As the world’s second-largest economy, largest energy importer and exporter, and most populous country, China faces a severe carbon emissions challenge. According to the Environmental Performance Index report released in 2020, China ranks 120th among 180 countries (Hao et al., 2020). China’s carbon intensity remains 60% higher than the global average, with recent studies highlighting persistent challenges in balancing industrial growth and emissions control (Wang et al., 2022). For instance, centralized environmental inspections have reduced regional emissions by 12%–15% but face implementation gaps in high-energy-consuming sectors (Wang et al., 2022). Based on the current national conditions, a 1% increase in China’s economic scale would induce a sharp rise of approximately 15 metric tonnes in its average annual carbon emissions (Tu, 2014). Undoubtedly, increasing CO₂ emissions is universally considered an inevitable by-product of China’s economic growth. For instance, a high dependence on exports and processing the trade of low-value-added products results in high energy consumption and carbon emissions per GDP unit. However, in the medium-to-long term, rapid urbanization and modernization will generate more middle-income people with energy- and carbon-intensive lifestyles (Qi et al., 2013).

The necessity of this study is further underscored by China’s evolving carbon governance framework. Recent analyses of carbon markets reveal that trading mechanisms reduce corporate emissions by 8%–12% but struggle to incentivize productivity gains in state-owned enterprises (BIT Center for Energy and Environmental Policy Research, 2025). Concurrently, biomass burning, responsible for 1.21 billion tonnes of annual carbon emissions from savanna fires alone, remains underregulated, complicating emission inventories (People’s Daily, 2024). These challenges highlight the urgency of evaluating the LCCP policy through a green total factor productivity (GTFP) lens, which integrates environmental and economic performance. By employing a quasi-natural experimental design, this study addresses the dual deficiency in prior literature: (1) the lack of systemic assessment of how the pilot policy drives quality-oriented growth beyond mere emission cuts (Zhu et al., 2013), and (2) the need for spatially differentiated strategies to optimize decarbonization in resource-dependent versus innovation-led cities (Wang et al., 2022; Zeng et al., 2023).

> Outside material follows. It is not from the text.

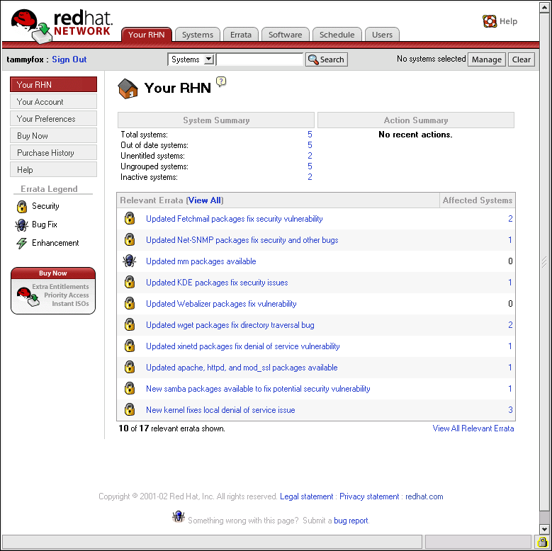 Red Hat ネットワークを利用すると、 ユーザーは更新パッケージがリリースされた時に電子メールの連絡を受けますので時間の節約となります。 最新のパッケージに関する情報やセキュリティに関する情報を求めてWebを検索する必要もなくなります。デフォルトでは、 Red Hat ネットワークによってパッケージもインストールされます。ユーザーは RPM の使用方法を理解する必要もなく、ソフトウェア パッケージの依存関係の解決を気にする必要もありません。RHNがすべての作業を実行します。

To this end, this study examines the effect of the LCCP policy on GTFP by analyzing a panel dataset spanning 273 prefecture-level cities from 2000 to 2019. GTFP is measured using a hybrid epsilon-based measure (EBM) model. Employing a staggered difference-in-differences (DID) framework, the results reveal that the LCCP policy significantly enhances GTFP, with its positive influence intensifying over time. The primary mechanisms driving this improvement are identified as the promotion of industrial structure optimization and the stimulation of technological innovation. Heterogeneity analysis indicates that the policy’s impact is more substantial in central and western regions, as well as in cities with lower administrative status and lower marketization levels. These findings offer empirical support for refining the LCCP policy and advancing the transition to a low-carbon economy, while providing actionable insights for policymakers.

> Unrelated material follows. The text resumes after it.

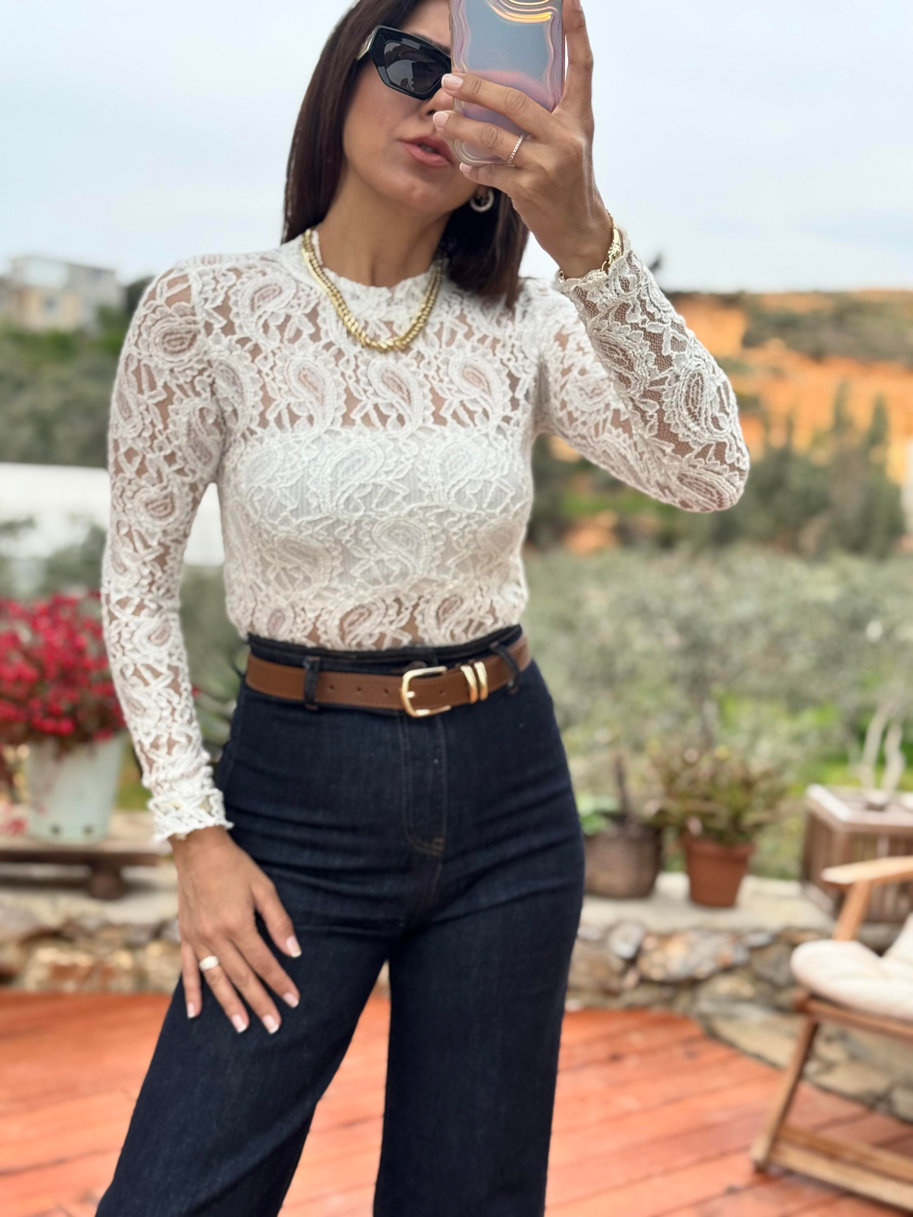 Kadın Dantel Detaylı Uzun Kollu Lüx Kalite Şık Badi Beyaz

This study makes the following two contributions to the literature. First, existing studies of the effectiveness of the pilot policy scarcely consider GTFP, mostly focusing on the impact of the pilot policy on carbon emissions as a direct economic consequence. Using the latest EBM method, this study probes how the pilot policy influences urban GTFP, plausible underlying mechanisms of the pilot policy, and related heterogeneity to examine the urban environmental regulation policy comprehensively. Second, using a propensity score matching-difference-in-differences (PSM-DID) model and a series of robustness checks, the study controls model endogeneity effectively to verify the results of the benchmark regression model. Moreover, the EBM for measuring GTFP incorporates a hybrid of the radial and non-radial distance functions, providing a more comprehensive method for evaluating the efficiency of decision-making units. This method partly offsets the deficiencies of traditional data envelopment analysis (DEA) and slacks-based measure (SBM) models.

The remainder of this paper is organized as follows. Section 2 reviews related literature, introduces the LCCP policy’s institutional background, and develops the hypotheses. Section 3 describes the empirical framework, and Section 4 reports the baseline empirical results and robustness checks. Section 5 is devoted to tests on underlying mechanisms, heterogeneity tests, and further economic consequence. Section 6 concludes and discusses policy implications.

2 Related literature and hypothesis development

2.1 Related literature

The existing literature on sustainable development policies and their socioeconomic impacts can be systematically categorized into four key themes: (1) policy effect assessment, (2) industrial restructuring and economic transition, (3) technological innovation and productivity, and (4) regional heterogeneity and spatial dynamics.

A large number of studies evaluate the effectiveness of environmental and energy policies. Zeng et al. (2023) demonstrate that China’s LCCP policy, initiated in 2011, significantly reduced urban carbon intensity through governance improvements, industrial restructuring, and innovation, with notable spatial spillover effects on neighboring cities. Similarly, Zhou et al. (2019) confirm the policy’s sustained and incremental impact on industrial upgrading. However, assessments of policy costs, benefits, and welfare effects remain underexplored. For instance, Song et al. (2019) highlight the balance between corporate emission reductions and industrial upgrading, while Qin et al. (2010) emphasize the need to evaluate comprehensive socioeconomic welfare beyond narrow environmental or economic metrics. Fang et al. (2022) and Fang et al. (2023) extend this discourse by analyzing environmental taxes, revealing nonlinear and time-dependent effects on renewable energy adoption.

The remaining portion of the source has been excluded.